[Records from a collection]
════════════════════
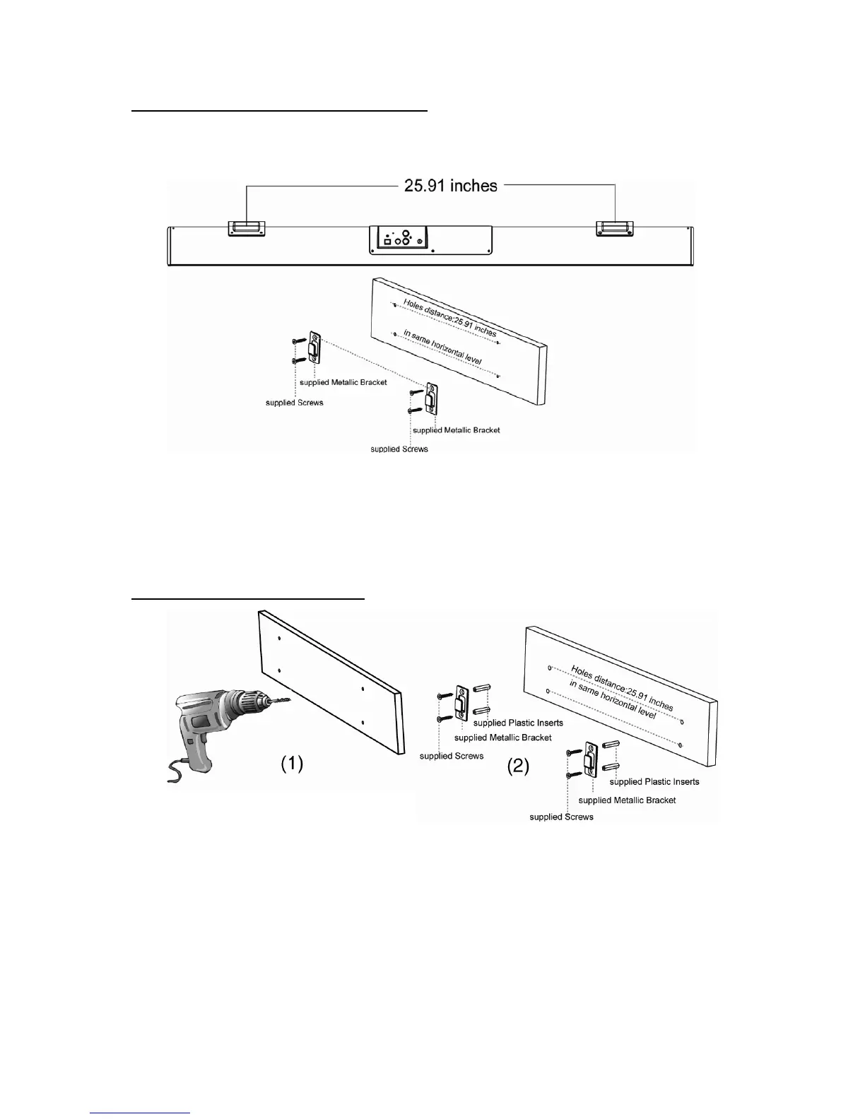2. Attach the Metallic Brackets to the wall by screwing the supplied flat head screws
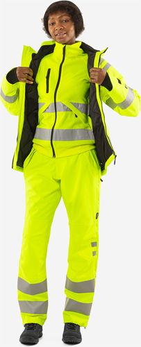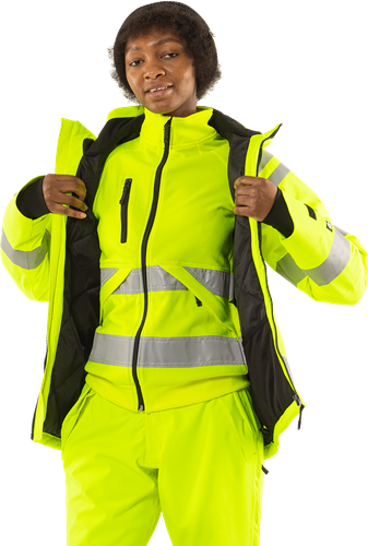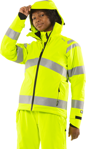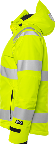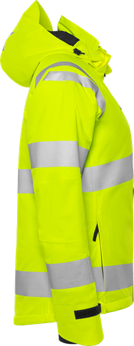 Delvis återvunnet material / Yttertyg med 4-vägsstretch / Vatten- och vindtät med andasfunktion / Tejpade sömmar / Quiltfoder / Avtagbar och reglerbar huva med förstärkt framkant / Fleecefodrad krage / Vattenavvisande tvåvägs dragkedja ända upp i kragen med invändig slå / Bröstficka med dold vertikal dragkedja och invändig hälla för id-kortshållare / Fleecefodrade framfickor med dragkedja / Innerficka i mesh med elastisk kant / Förböjda ärmar / Reglerbart ärmslut med rundad ovansida / Invändig elastisk mudd med tumgrepp / Ventilerande foder i ärmhål och ärmslut / Dragsko i nederkant / Förlängd rygg / Dragkedja i foder för transfer / Vattenpelare 13.000 mm / Andasfunktion yttertyg RET <15 / Godkänd enligt EN ISO 20471 klass 3, EN 342 och EN 343 klass 4/1, yttertyget är godkänt enligt EN 343 klass 4/4 / Certifierad efter 20 tvättar / OEKO-TEX®-certifierad.
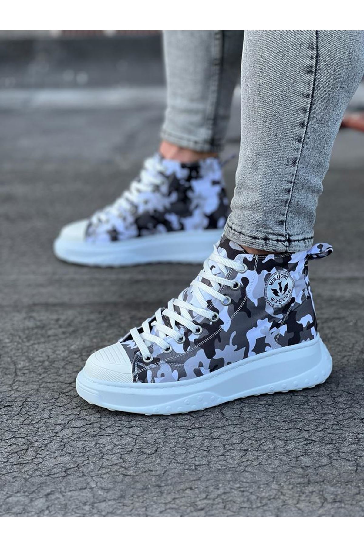Erkek Ayakkabı YÜKSEK TABAN WG017 Beyaz Askeri Yarım Bilek Casual Ayakkabı
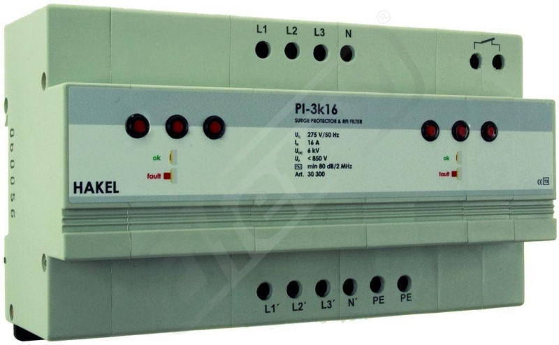 PI-3k je třífázový svodič přepětí typu 3 podle normy EN 61643-11, který je doplněn o vysokofrekvenční filtr. Vyrábí se v ucelené řadě pro jmenovité proudy 16, 25, 32, 50, 63, 80 a 120 A s určením pro aplikace v sítích TN-S a TN-C. Ochrany PI-3k16 a 25 jsou uzpůsobeny k montáži na DIN lištu 35 mm. Ochrany PI-3k32, 50, 63, 80 a 120 se vyrábí v základním provedení pro montáž na šasi pomocí 4 šroubů M4. Pokud je požadavek na jejich montáž na lištu DIN, je nutno toto specifikovat v objednávce s určením, zda se jedná o montáž vhorizontální nebo vertikální poloze.PI-3K jsou určeny k ochraně třífázových elektronických zařízení v rozvodech sítí nn před transientním přepětím a vysokofrekvenčním rušením. Lze je vyrábět v ucelené řadě pro napětí UN = 6, 12, 24, 48, 60, 80, 110, 120, 130, 160a 230V (AC/DC). Porucha varistorů je indikována vysunutím terčíku jezdců mechanických tepelných pojistek, reagujících na přehřátí varistorů nad teplotu cca 120°C.Zapojení bezpotenciálového kontaktu dálkové signalizace.Pokud je jednotka PI-3k funkční, je kontakt dálkové signalizace sepnut. Při zareagování tepelné pojistky se kontakt dálkové signalizace rozpojí.
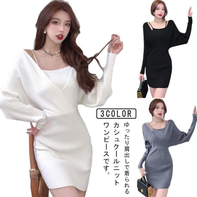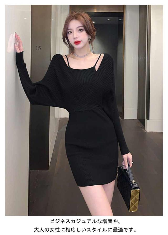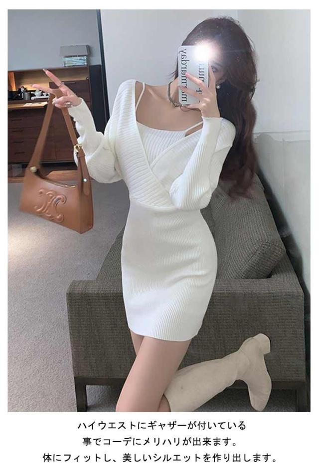 オシャレ タイト カシュクール フェイクレイヤード レディース 重ね着風 ミニワンピース 長袖 ミニ ニットワンピース ミニワンピース セクシー ミニ丈 ボディコン タイトワンピース 秋 冬 送料無料 ワンピース 無地 フェミニン きれいめ
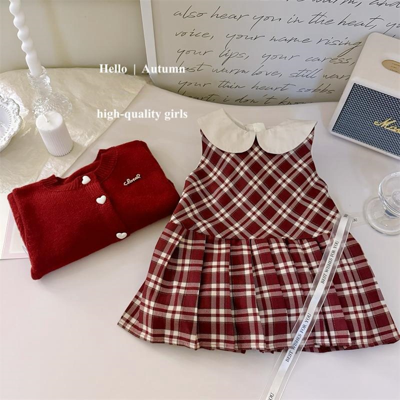 2025 New Autum Baby Girl Red Plaid Skirt Pure Color Knitted Cardigan Sweater Korean Preppy Style Two-Piece Trendy Set
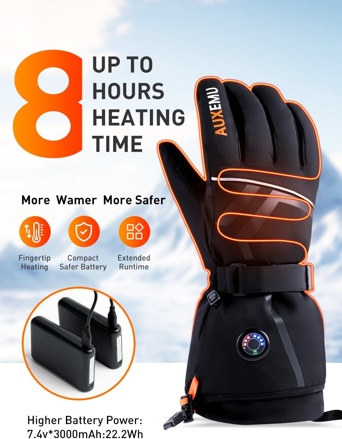 - 55% Auxemu Heated Gloves for Men Women, 7.4V Fast Heating 8H Warmth Heated Gloves with Visual Button Touchscreen/Reflective Strip/Waterproof for Motorcycle Riding, Skiing, Outdoor Work
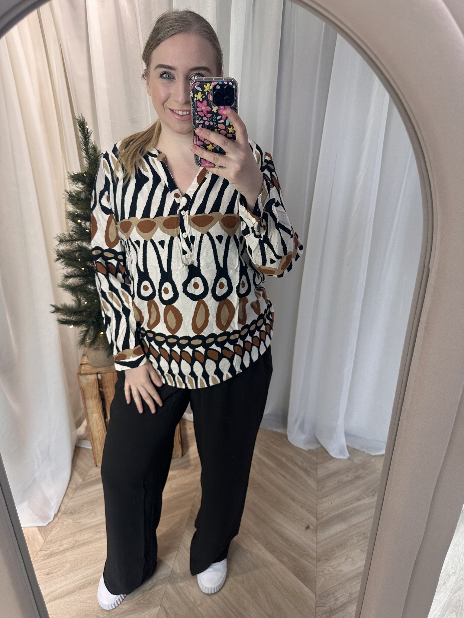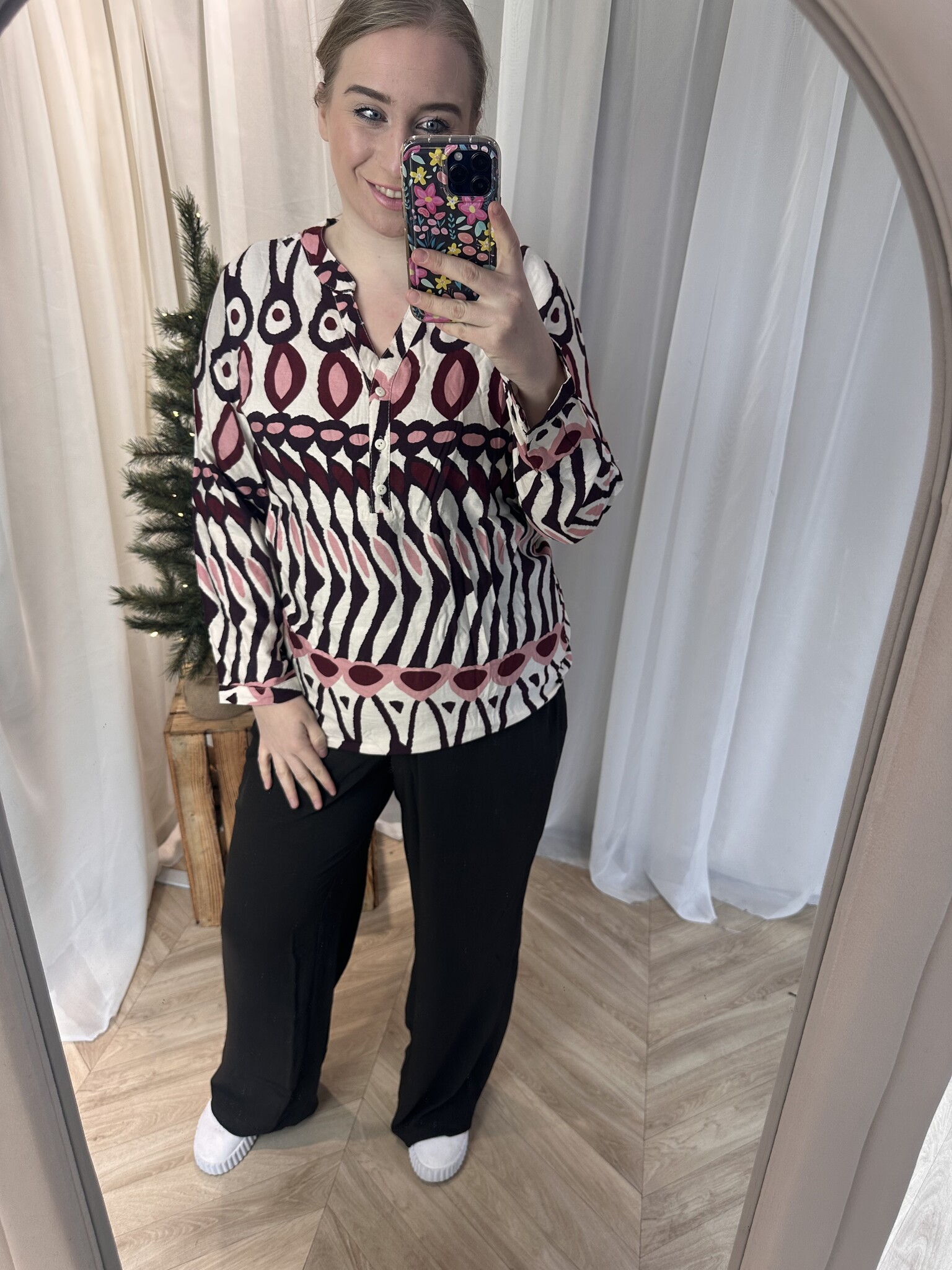 Deze super leuke blouse is een echte aanwinst voor je garderobe! De blouse valt goed op maat en heeft een heerlijk draagcomfort.
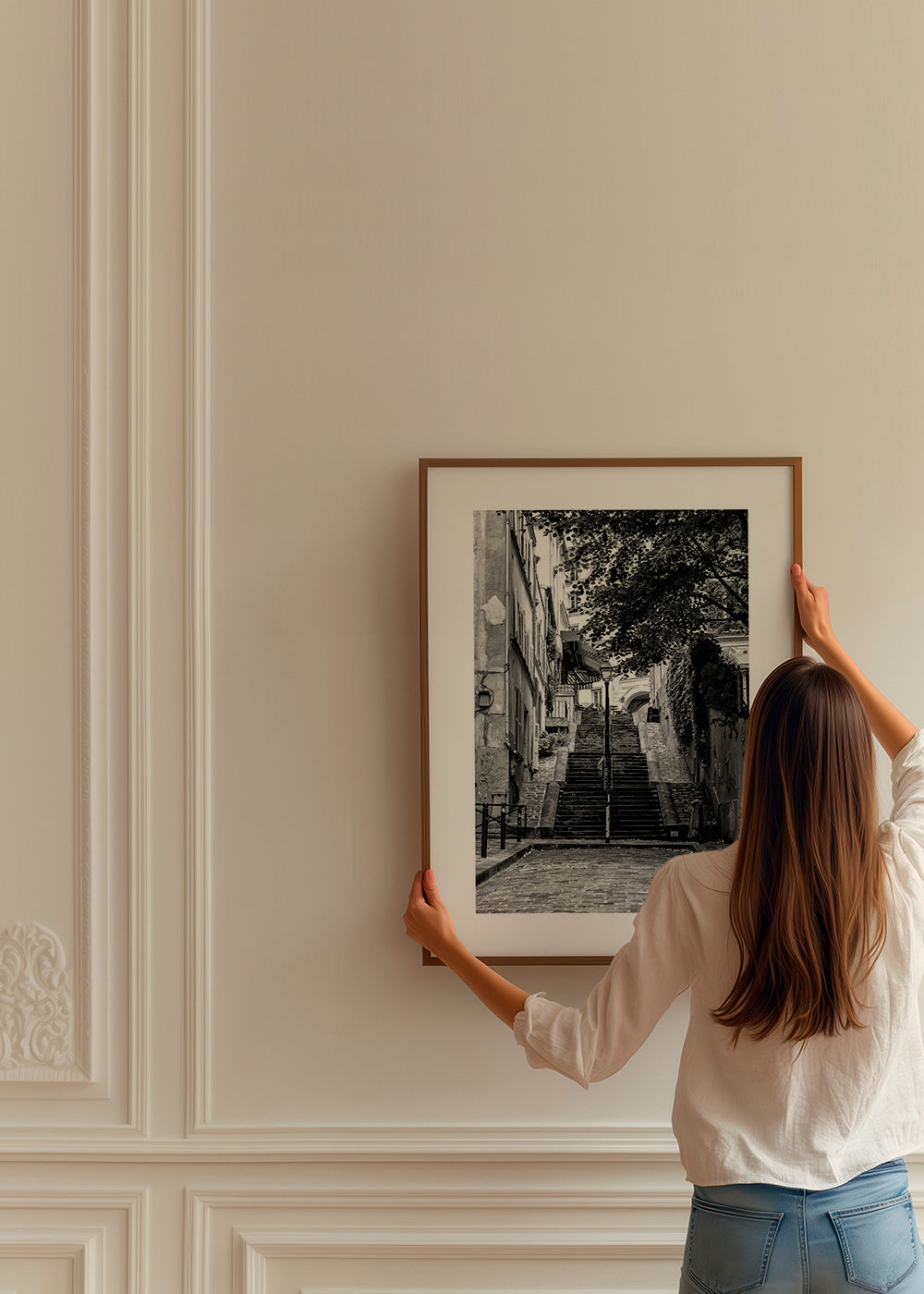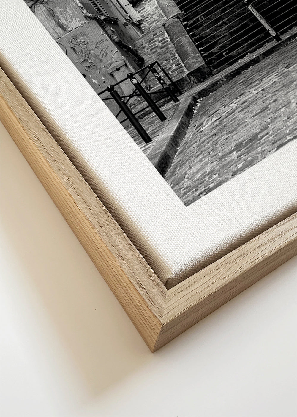 Wenn Sie die Passepartout-Option wählen, fügen wir die weiße matte Platte dem Rahmen hinzu und reduzieren das Design der Arbeit. Wählen Sie beispielsweise ein Druckformat 50x70 cm, mit eichenfarbenem Rahmen und Passepartout, reduzieren wir das Design des Druckes auf das bisherige Format (40x50cm). So passt es sich perfekt an das Innenfenster des Passepartouts an.
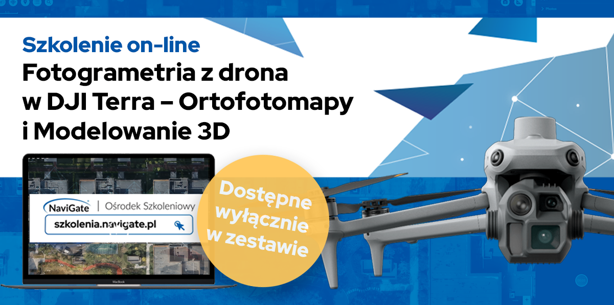 Kompletny zestaw geodezyjny: DJI Matrice 4E, roczna licencja DJI Terra i Szkolenie on-line „Fotogrametria z drona w DJI Terra – Ortofotomapy i Modelowanie 3D”
════════════════════
Keep the pictures out of the copy and return the rest of the data above exactly.

**Reply to the task:**
2. Attach the Metallic Brackets to the wall by screwing the supplied flat head screws
 Delvis återvunnet material / Yttertyg med 4-vägsstretch / Vatten- och vindtät med andasfunktion / Tejpade sömmar / Quiltfoder / Avtagbar och reglerbar huva med förstärkt framkant / Fleecefodrad krage / Vattenavvisande tvåvägs dragkedja ända upp i kragen med invändig slå / Bröstficka med dold vertikal dragkedja och invändig hälla för id-kortshållare / Fleecefodrade framfickor med dragkedja / Innerficka i mesh med elastisk kant / Förböjda ärmar / Reglerbart ärmslut med rundad ovansida / Invändig elastisk mudd med tumgrepp / Ventilerande foder i ärmhål och ärmslut / Dragsko i nederkant / Förlängd rygg / Dragkedja i foder för transfer / Vattenpelare 13.000 mm / Andasfunktion yttertyg RET <15 / Godkänd enligt EN ISO 20471 klass 3, EN 342 och EN 343 klass 4/1, yttertyget är godkänt enligt EN 343 klass 4/4 / Certifierad efter 20 tvättar / OEKO-TEX®-certifierad.
Erkek Ayakkabı YÜKSEK TABAN WG017 Beyaz Askeri Yarım Bilek Casual Ayakkabı
 PI-3k je třífázový svodič přepětí typu 3 podle normy EN 61643-11, který je doplněn o vysokofrekvenční filtr. Vyrábí se v ucelené řadě pro jmenovité proudy 16, 25, 32, 50, 63, 80 a 120 A s určením pro aplikace v sítích TN-S a TN-C. Ochrany PI-3k16 a 25 jsou uzpůsobeny k montáži na DIN lištu 35 mm. Ochrany PI-3k32, 50, 63, 80 a 120 se vyrábí v základním provedení pro montáž na šasi pomocí 4 šroubů M4. Pokud je požadavek na jejich montáž na lištu DIN, je nutno toto specifikovat v objednávce s určením, zda se jedná o montáž vhorizontální nebo vertikální poloze.PI-3K jsou určeny k ochraně třífázových elektronických zařízení v rozvodech sítí nn před transientním přepětím a vysokofrekvenčním rušením. Lze je vyrábět v ucelené řadě pro napětí UN = 6, 12, 24, 48, 60, 80, 110, 120, 130, 160a 230V (AC/DC). Porucha varistorů je indikována vysunutím terčíku jezdců mechanických tepelných pojistek, reagujících na přehřátí varistorů nad teplotu cca 120°C.Zapojení bezpotenciálového kontaktu dálkové signalizace.Pokud je jednotka PI-3k funkční, je kontakt dálkové signalizace sepnut. Při zareagování tepelné pojistky se kontakt dálkové signalizace rozpojí.
 オシャレ タイト カシュクール フェイクレイヤード レディース 重ね着風 ミニワンピース 長袖 ミニ ニットワンピース ミニワンピース セクシー ミニ丈 ボディコン タイトワンピース 秋 冬 送料無料 ワンピース 無地 フェミニン きれいめ
 2025 New Autum Baby Girl Red Plaid Skirt Pure Color Knitted Cardigan Sweater Korean Preppy Style Two-Piece Trendy Set
 - 55% Auxemu Heated Gloves for Men Women, 7.4V Fast Heating 8H Warmth Heated Gloves with Visual Button Touchscreen/Reflective Strip/Waterproof for Motorcycle Riding, Skiing, Outdoor Work
 Deze super leuke blouse is een echte aanwinst voor je garderobe! De blouse valt goed op maat en heeft een heerlijk draagcomfort.
 Wenn Sie die Passepartout-Option wählen, fügen wir die weiße matte Platte dem Rahmen hinzu und reduzieren das Design der Arbeit. Wählen Sie beispielsweise ein Druckformat 50x70 cm, mit eichenfarbenem Rahmen und Passepartout, reduzieren wir das Design des Druckes auf das bisherige Format (40x50cm). So passt es sich perfekt an das Innenfenster des Passepartouts an.
 Kompletny zestaw geodezyjny: DJI Matrice 4E, roczna licencja DJI Terra i Szkolenie on-line „Fotogrametria z drona w DJI Terra – Ortofotomapy i Modelowanie 3D”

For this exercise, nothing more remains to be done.